This was far deeper than the reopening of an old family quarrel. They were profound issues of morality. And turning from him to Shaw, Charlotte believed that in his eyes also she saw a fire of seriousness beneath the perception of a very surface absurdity. Humor was always with him, it was deep in all the lines of his face, but it was only the outer garment of a passionate mind.

“People can get away with anything these days,” Grandmama said unhelpfully. “In my youth, Bernard Shaw, Mr.
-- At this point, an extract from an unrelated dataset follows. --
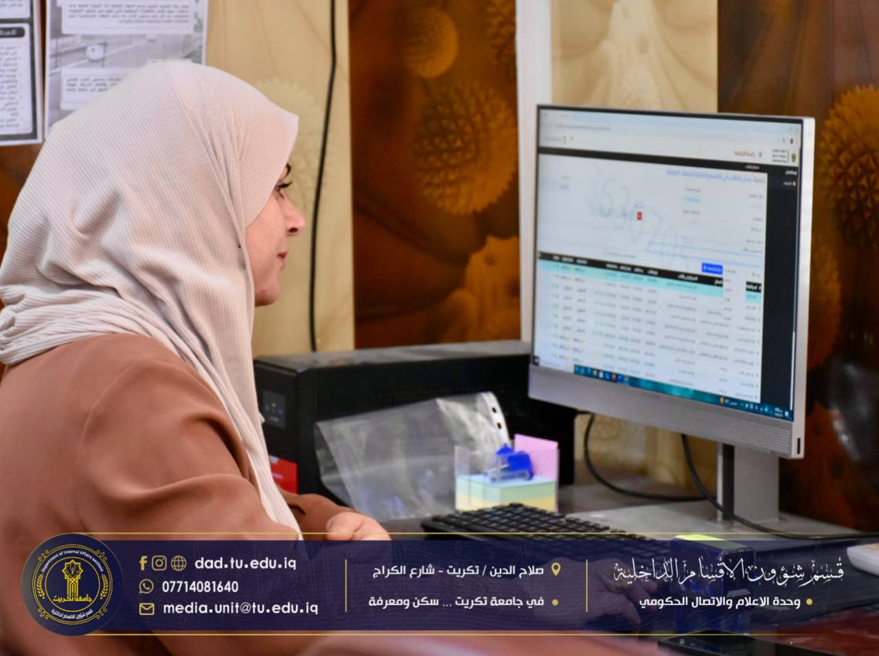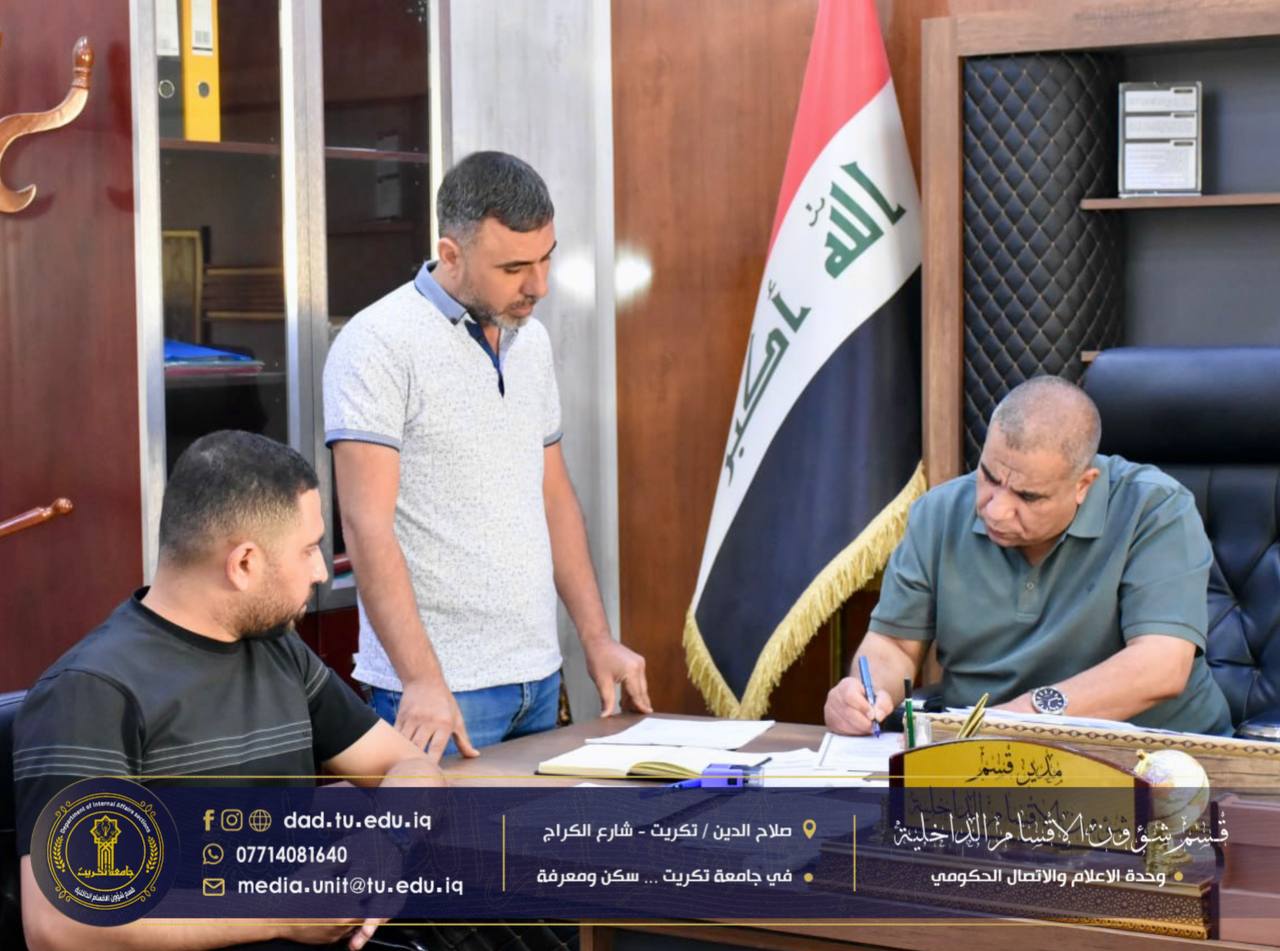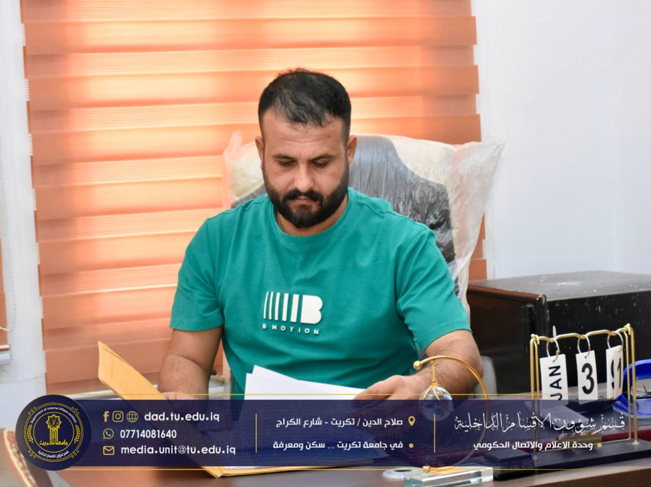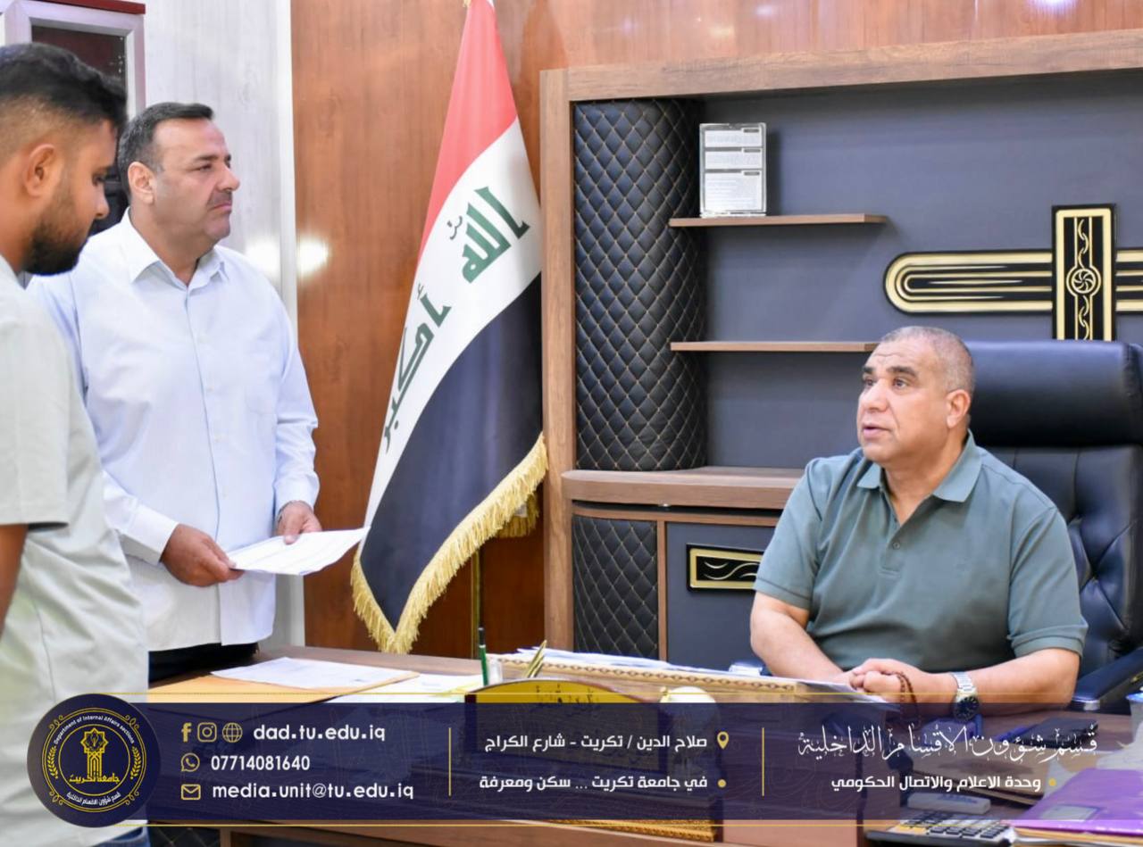 ضمن إطار المتابعة الميدانية المستمرة لسير العمل الإداري، تابع مدير قسم شؤون الأقسام الداخلية في جامعة تكريت الأستاذ الدكتور جاسم عباس علي أعمال الشعب والوحدات الإدارية في القسم، واطلع على آلية إنجاز الكتب الرسمية وتنظيم الأرشفة الورقية والإلكترونية، فضلاً عن متابعة الإحتياجات والمشاكل المتعلقة بالطلبة.

Webb, and their like would have been put in prison before they were permitted to speak of such ideas—but today they are quite openly quoted. And of course Mrs. Webb is quite beyond the pale.”

“Be quiet,” Caroline said sharply. “You are making bad into worse.”

“It is already worse,” the old lady retorted in a stage whisper audible to everyone in the room.

“Oh dear.” Angeline wrung her hands nervously, looking from one to the other of her nephews-in-law.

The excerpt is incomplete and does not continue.